An Indigenous student’s perspective on Line 3, and Hamline’s stances during these turbulent times
March 24, 2021
My feet pounded on the cold street below me. My heart is heavy with the anticipated grief of a taunted Mississippi River. My soul felt like it was weeping as it sang loudly, “the people gonna rise like water, we are gonna take this crisis down. I hear the voices of my great-granddaughters saying shut this pipeline down.”
I am angry.
As a white-coded Native American woman coming from the Mdewakanton Lower Sioux Dakota Tribe here in Minnesota, I have mourned the continuation of a pipeline, known as Line 3, burying its way through Indigenous land and sacred earth. This pipeline carries tar sands oil, detrimental if spilled on Minnesota land, and is being placed by Enbridge, a company notorious for the largest inland oil spill.
Additionally, it was signed into fruition as the first ever Missing and Murdered Indigenous task force report came out. This report found that pipeline and construction work creates a demand for sex trafficking that directly correlates with Indigenous women being trafficked into the sex industry at rates disproportional to other racial identities in the state of Minnesota.
I am angry.
As an Indigenous woman, I have been taught that water is life. We come from the breaking of water, its presence determines our daily survival, and we will one day return to its life in the soil.

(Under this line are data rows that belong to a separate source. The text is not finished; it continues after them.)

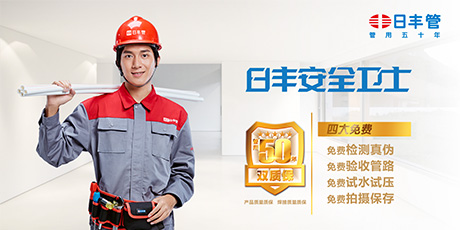 日丰安全卫士是日丰集团特有的增值服务,通过服务工程师上门对管路系统进行产品真伪查询、管路水压检测、管路安装验收、管路图拍摄保存等服务,并承诺为通过日丰安全卫士验收的管路系统提供“双质保”,给消费者一个安全无忧的管道系统。
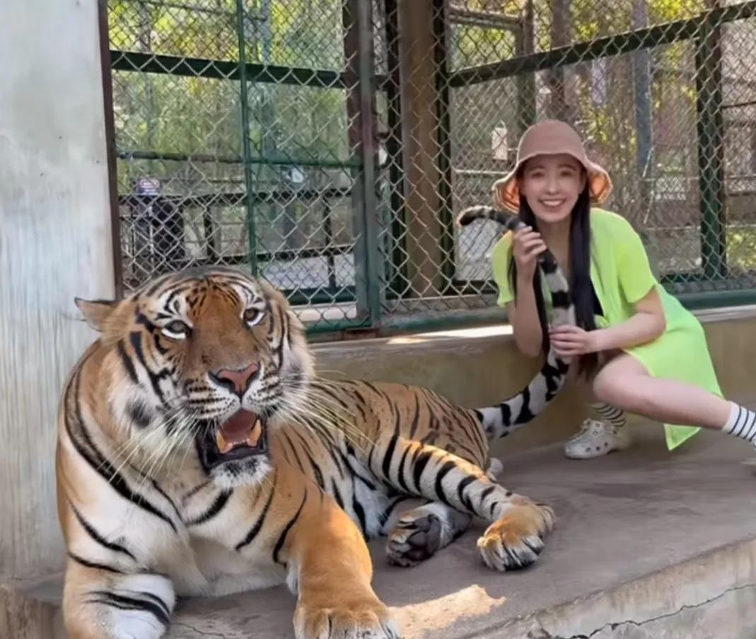 不仅如此,司雯嘉还将她的大胆发挥到了极致,俗话说老虎屁股摸不得,司雯嘉却敢走进老虎,还拿着老虎尾巴摇晃,此等胆色绝非常人能比。
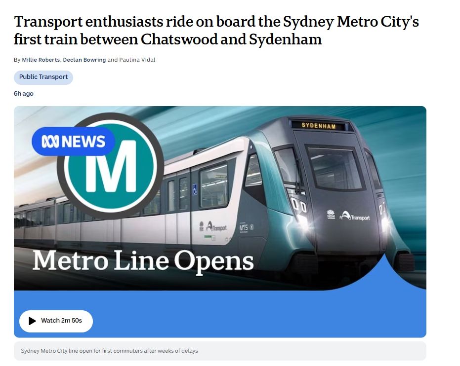 对此,新州州长明斯(Chris Minns)表示,新的地铁线路的正式开通,是悉尼的“巨大变化,也是其交通网络的一大进步”。
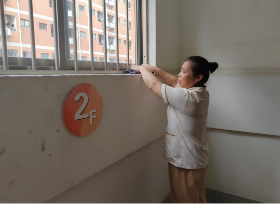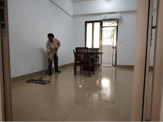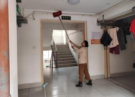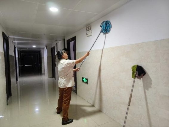 为营造学生公寓园区宜学宜居的环境,认真做好园区内消防设备设施、热水机组、洗涤设备等各种设备设施和41间自习室、15个多功能室的保洁维护工作;做好学生公寓园区内547个生活设施(其中公共长椅147张,乒乓球桌117张,晾衣架173个、健身器材110个)的维护工作。
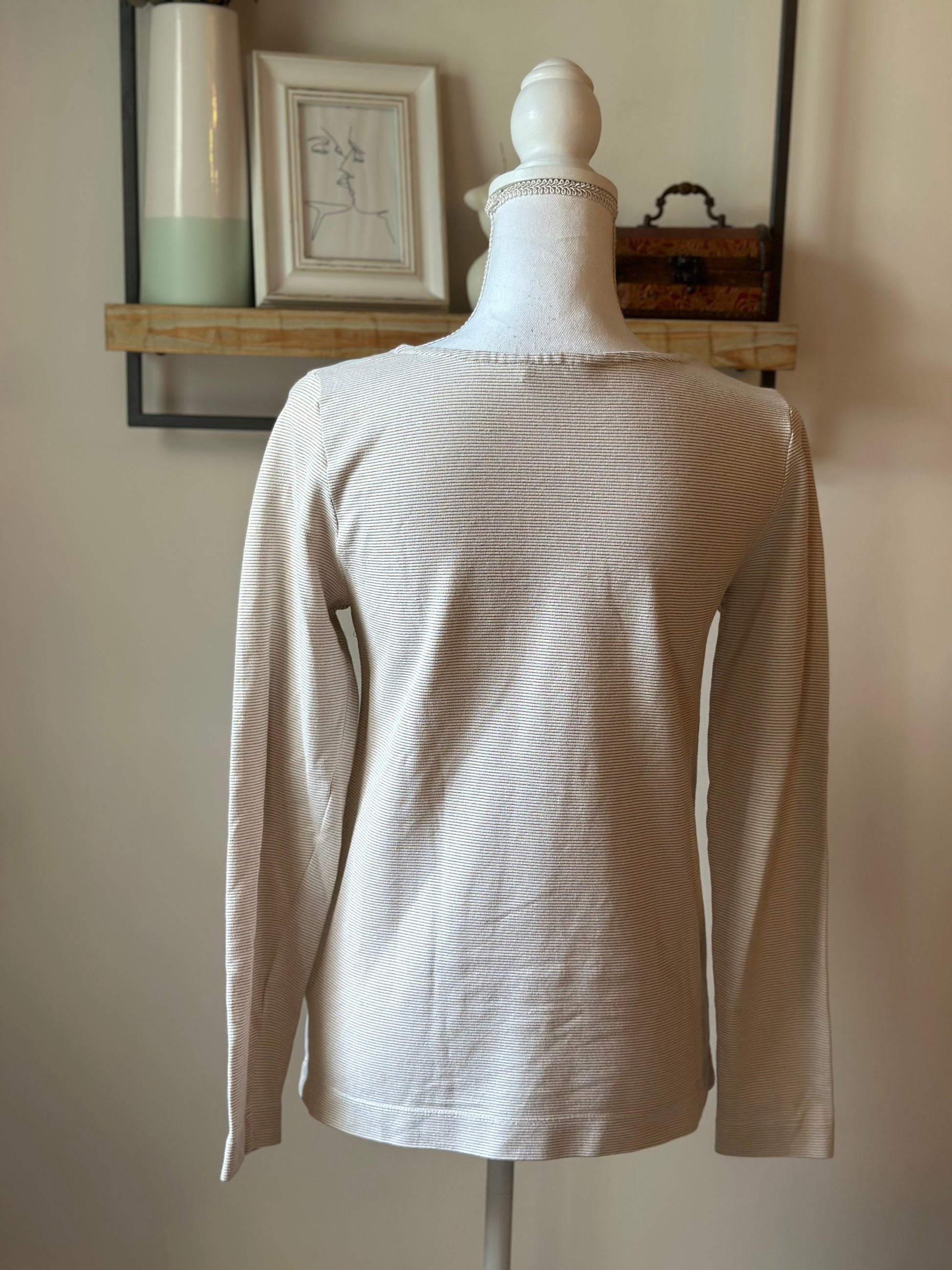 Pull léger en coton, col rond, avec de fines rayures dorées en lurex sur fond blanc crème. Coupe droite, agréable à porter, parfait pour un look chic et lumineux au quotidien. Taille 1, correspond bien. Parfait état, sans défaut.

The importance of respecting Tanka, or Creator, comes from within. As spirits inhabiting bodies, we have a role to play when it comes to creating a mutual, respectful relationship with the earth. I weep at the prospect of oil spilling into the headwaters of the Mississippi, a river that connects me with my ancestors.
I am angry.
As a social activist, I have learned a crucial concept of social action: There are many things we fight for, but we will be held accountable for the things directly within our power to change. Therefore, as an Indigenous Hamline student, I’m struggling to accept the audacity of Hamline to call themselves diverse while actively silent on this issue.
I am angry.
I’m sick of the endless emails about how “you stand with us.” I don’t want to open another one for as long as I live. As an Indigenous elder in my life says often, “it is not our job to hold white tears”.
Instead, I want a list. A list consisting of the ways Hamline plans to change for the better. A list acknowledging the stolen land of my ancestors that Hamline resides on today.
I am angry that I have to spend time marching through the streets trying to protect the creation that gives us life every day and give my money to an institution that cannot take the time to give a statement of land acknowledgment. I am angry that every atrocity this year has been met with yet another email from our president expressing empathy while refusing calls to change, such as Aramark.
So I leave you with a question I have yet to answer myself: Why would you need to tell me you stand with me, if you were already beside me?